Le sort de la bataille qui, quelques instants auparavant, penchait si fortement en faveur de Korsibar s’inversait rapidement.
Désorganisées par l’attaque-surprise de la cavalerie de Miaule sur leur flanc gauche, les troupes de Korsibar se trouvèrent bientôt en pleine confusion. La redoutable batterie de lanceurs d’énergie avait cessé le feu, les tireurs étant incapables de distinguer l’ami de l’ennemi dans la mêlée furieuse, et certains avaient été victimes du mauvais fonctionnement de leur arme. Dans les derniers éclairs projetés par les lanceurs d’énergie, des rebelles à dos de monture prirent d’assaut leurs retranchements et fondirent sur eux, les massacrant à coups d’épée. Leurs rangs enfoncés, les loyalistes se dispersèrent aussitôt. Partout des hommes étaient piétinés et passés au fil de l’épée. Certains, incapables de se lever, s’enfuyaient à quatre pattes, d’autres prenaient leurs jambes à leur cou.
Prestimion sentit que le moment était venu de faire usage de l’arme suprême.
— Les mages ! s’écria-t-il. Qu’ils avancent !
Ils avancèrent en un groupe compact : le vieux Gominik Halvor que Prestimion avait fait venir de Triggoin, son fils Heszmon Gorse et une douzaine d’autres grands sorciers de la cité septentrionale, des hommes connus dans le monde entier pour leurs connaissances des arts occultes. Tous étaient vêtus d’un habit de cérémonie et ils portaient dans les bras les outils de leur profession. Un grand murmure de consternation s’éleva des rangs des hommes de Korsibar qui tenaient la crête quand ils virent cette procession quitter les lignes arrière de l’armée de Prestimion. Protégés sur tout le trajet par des combattants d’élite, ils s’avancèrent dans la plaine. Puis, accompagnés par des sonneries de trompette et le son strident des kannivangitali, ils formèrent un cercle et entonnèrent un chant solennel et monotone tandis que des flammes bleues s’élevaient dans le ciel.

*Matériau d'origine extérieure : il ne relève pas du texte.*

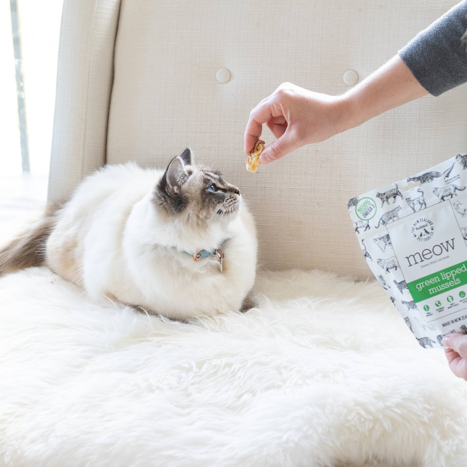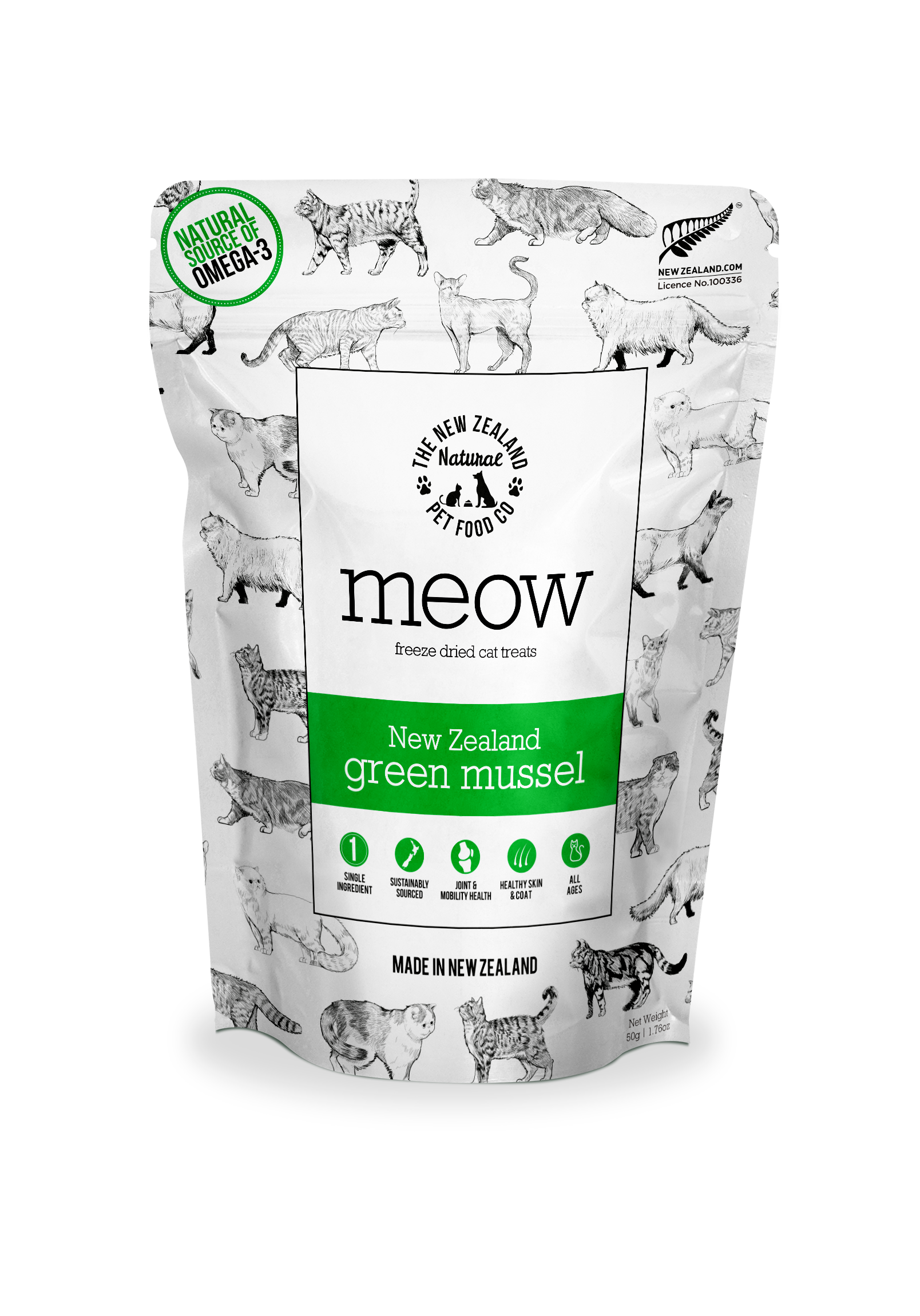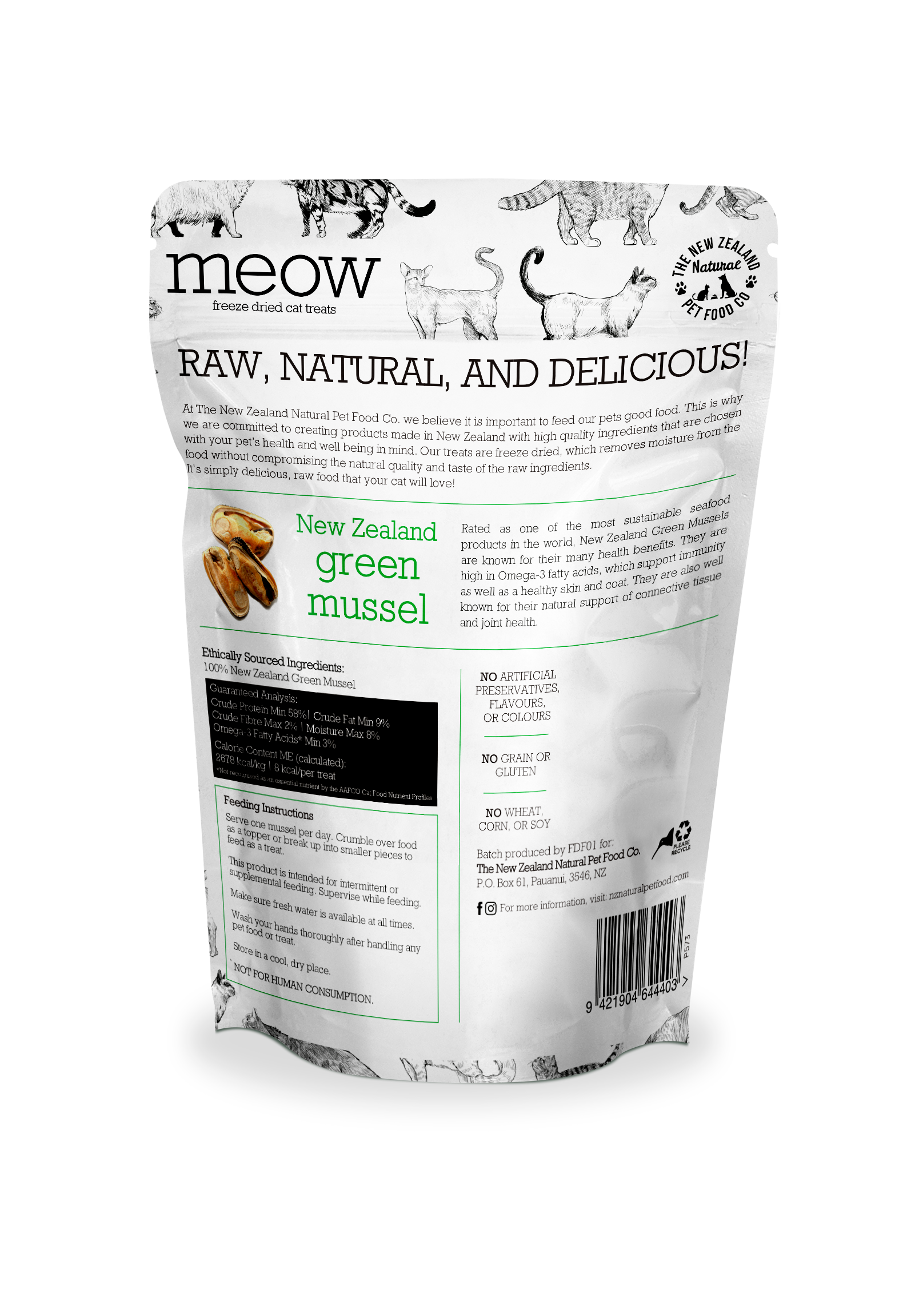 MEOW Green Mussel Treats are a healthy, protein-rich snack for your cat. New Zealand Green Mussels are renowned for their health benefits; they are high in omega-3 fatty acids, and a great source of glucosamine which supports joint health. These MEOW treats have been gently freeze-dried to protect all the natural enzymes and nutrients, so none of the wholesome goodness is cooked out. Raw, Natural, and Delicious!

C’était le milieu de la matinée et le soleil brillait En un instant, le ciel se couvrit de nuages, la lumière du soleil sembla décliner, l’obscurité d’une nuit sans lunes tomba sur le champ de bataille et tous ceux qui s’y trouvaient furent enveloppés dans les ténèbres, au point de ne pas voir à dix pas devant eux.